7/16/2024, 1:06:44.608 PM Received watch event "Bookmark" for "Hidden/(null)", last observed resource version: 68357572.  
7/16/2024, 1:06:49.407 PM Received watch event "Bookmark" for "Hidden/(null)", last observed resource version: 68358100.  
7/16/2024, 1:07:02.387 PM Received watch event "Bookmark" for "Hidden/(null)", last observed resource version: 68358497.  
7/16/2024, 1:07:43.839 PM Received watch event "Bookmark" for "Hidden/(null)", last observed resource version: 68368670.  
7/16/2024, 1:07:47.938 PM Watcher for Hidden was terminated and is reconnecting.  
7/16/2024, 1:07:47.943 PM Watcher for Hidden was terminated and is reconnecting.  
7/16/2024, 1:07:47.943 PM Watcher for Hidden was terminated and is reconnecting.  
7/16/2024, 1:07:47.949 PM There was an error while watching the resource "ObscureNamespace.V1EntityR". The response ended prematurely while waiting for the next frame from the server. (ResponseEnded)
7/16/2024, 1:07:47.949 PM There were 1 errors / retries in the watcher.

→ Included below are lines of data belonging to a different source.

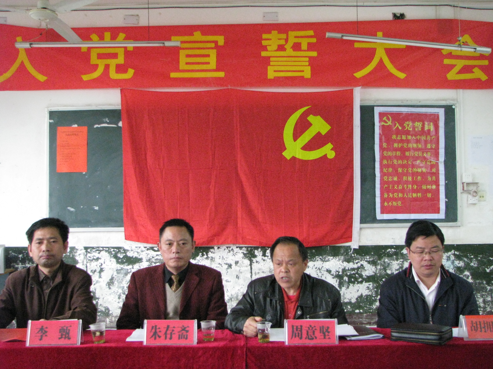 周意坚同志代表院党委对全体新党员同志表示衷心的祝贺,要求全体党员一定要端正自己的入党动机,时刻不忘入党的誓言,牢记全心全意为人民服务的宗旨,在工作学习中发挥党员的先锋模范作用。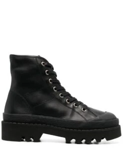 Noir, cuir, fermeture à lacer sur le devant, semelle intérieure à logo, semelle crantée en caoutchouc.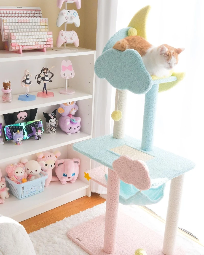 I prefer clean, simple layouts with a mix of shelves, scratching posts, and cozy beds. It keeps the space functional without overwhelming the cat.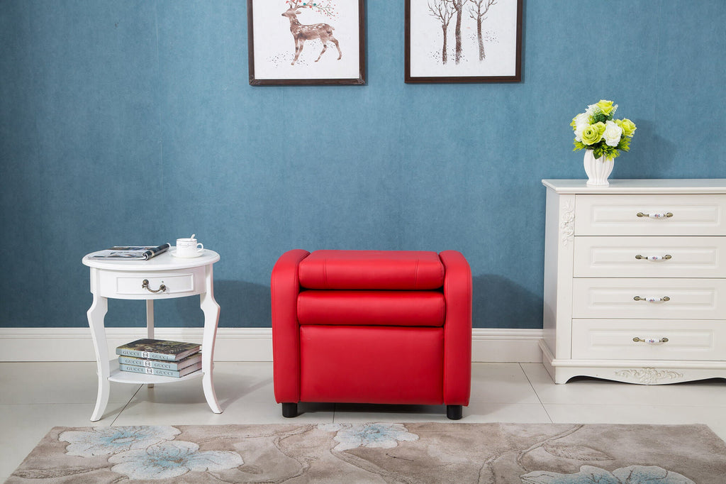 Durch die bequemen Armlehnen, die gepolsterte Rückenlehne und die Möglichkeit, die Beine auszustrecken, ist er in jeder Hinsicht ein Fernsehsessel . Mit leichtem Druck auf die Armlehnen genießen Sie dank der erhöhten Fußstütze die beste Position. Bei Bedarf kann der Sessel zu einem schönen Pouf geschlossen werden.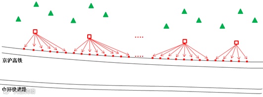 如图2所示,京沪高铁(上)与中环快速路(下)并行,监测点将设置在高铁桥墩之上,每隔一段距离设置一个工作基点,监测对应桥墩上的棱镜,判断桥墩的平面变化情况,通过水准仪往返测量判断高程变化情况。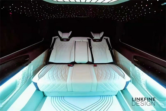 进入第三排我们深刻体验到这一点,第三排的座椅为贯通式设计,材质和舒适度与中排座椅一致,腿部和头部的空间可以用大的夸张来形容,创造出了绝等舒适的享受。在功能上后排座椅手枕中央配备了一小块儿液晶屏,可调控座椅的靠背和坐垫的前后移动,更为个性化的是整个后排座椅可以完全的放平,形成旅行床,可在上面短暂的休息,十分的惬意!我认为最后这一张三人椅,是一定不能少的,因为它既是一张椅子,也是一张床。不论是公司午休,还是户外度假,随时开启小憩模式。而且有了床,就一定要有窗帘,这样床的功能才会被发挥的淋漓尽致。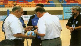 Arbitrii si, daca este necesar, delegatul verifica mingile si presiunea aerului din acestea (este prea tare sau prea moale?). |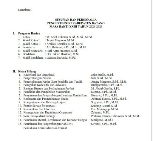 Berikut ini adalah kepengurusan lengkap dari PGRI Batang masa bakti 2024-2029: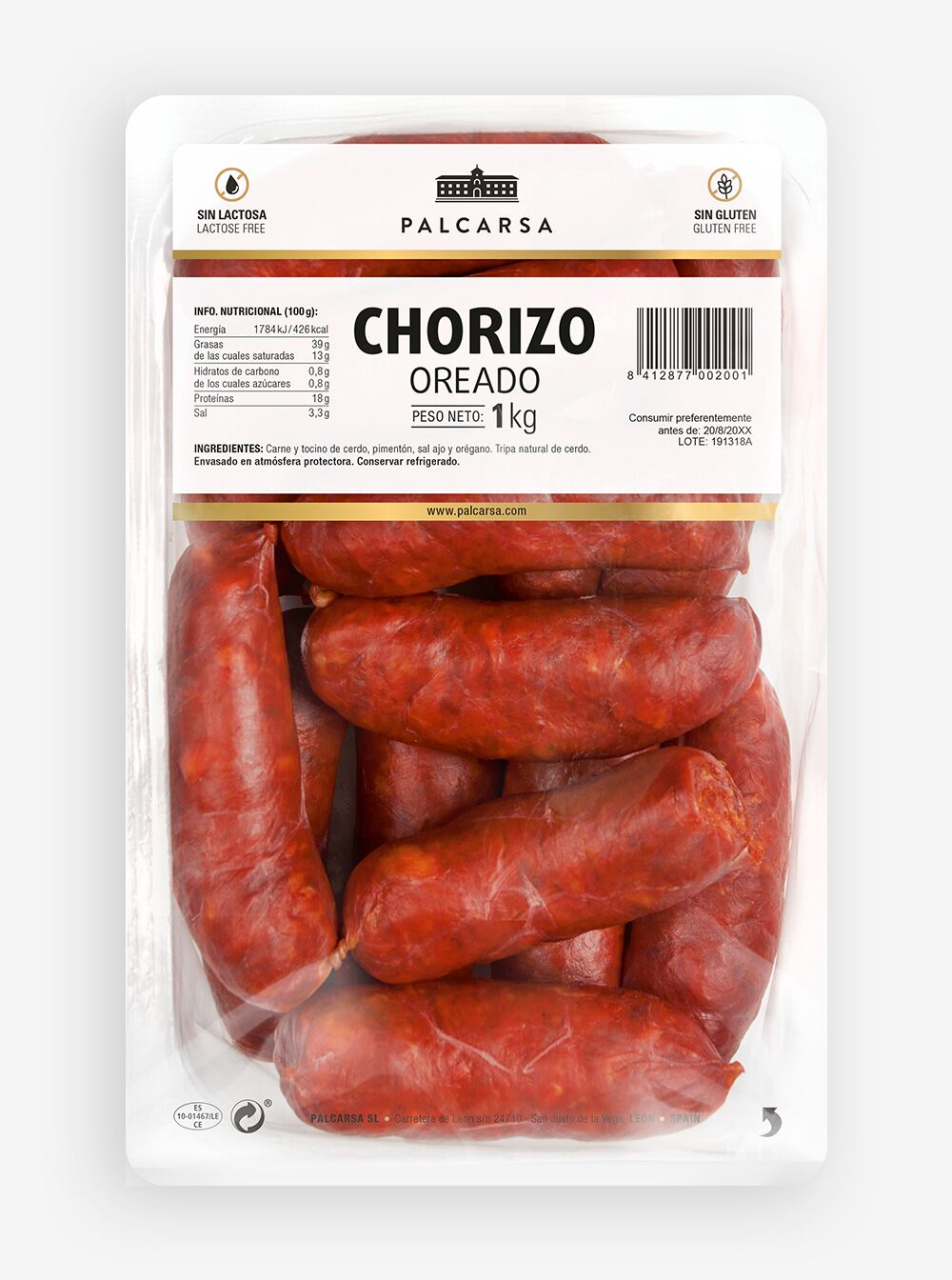 Carne y grasa de cerdo, pimentón, sal, ajo y orégano. Tripa natural de cerdo.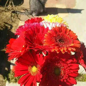 ガーベラで あこがれの ブーケ きれいにラウンドするのは むずかしい~💦 撮影場所に 悩み ウロウロ 我 関せず の にゃんこ 吾が輩は 猫で ある ・・・そうだね

Wait 2.456s before next attempt to connect.  
7/16/2024, 1:07:48.030 PM There was an error while watching the resource "ObscureNamespace.V1EntityPM". too old resource version: 68358497 (68368462)
7/16/2024, 1:07:48.030 PM There were 1 errors / retries in the watcher. Wait 2.197s before next attempt to connect.  
7/16/2024, 1:07:48.097 PM There was an error while watching the resource "ObscureNamespace.V1EntitySRB". too old resource version: 68358844 (68369473)
7/16/2024, 1:07:48.097 PM There were 1 errors / retries in the watcher. Wait 2.823s before next attempt to connect.  
7/16/2024, 1:07:50.230 PM Watcher for V1EntityPM was terminated and is reconnecting.  
7/16/2024, 1:07:50.232 PM There was an error while watching the resource "ObscureNamespace.V1EntityPM". too old resource version: 68358497 (68368462)
7/16/2024, 1:07:50.232 PM There were 2 errors / retries in the watcher. Wait 4.481s before next attempt to connect.  
7/16/2024, 1:07:50.403 PM Watcher for V1EntityR was terminated and is reconnecting.  
7/16/2024, 1:07:50.405 PM There was an error while watching the resource "ObscureNamespace.V1EntityR". too old resource version: 68358100 (68368631)
7/16/2024, 1:07:50.405 PM There were 2 errors / retries in the watcher. Wait 4.085s before next attempt to connect.  
7/16/2024, 1:07:50.918 PM Watcher for V1EntitySRB was terminated and is reconnecting.  
7/16/2024, 1:07:50.920 PM There was an error while watching the resource "ObscureNamespace.V1EntitySRB". too old resource version: 68358844 (68369473)
7/16/2024, 1:07:50.920 PM There were 2 errors / retries in the watcher. Wait 4.945s before next attempt to connect.  
7/16/2024, 1:07:54.490 PM Watcher for V1EntityR was terminated and is reconnecting.  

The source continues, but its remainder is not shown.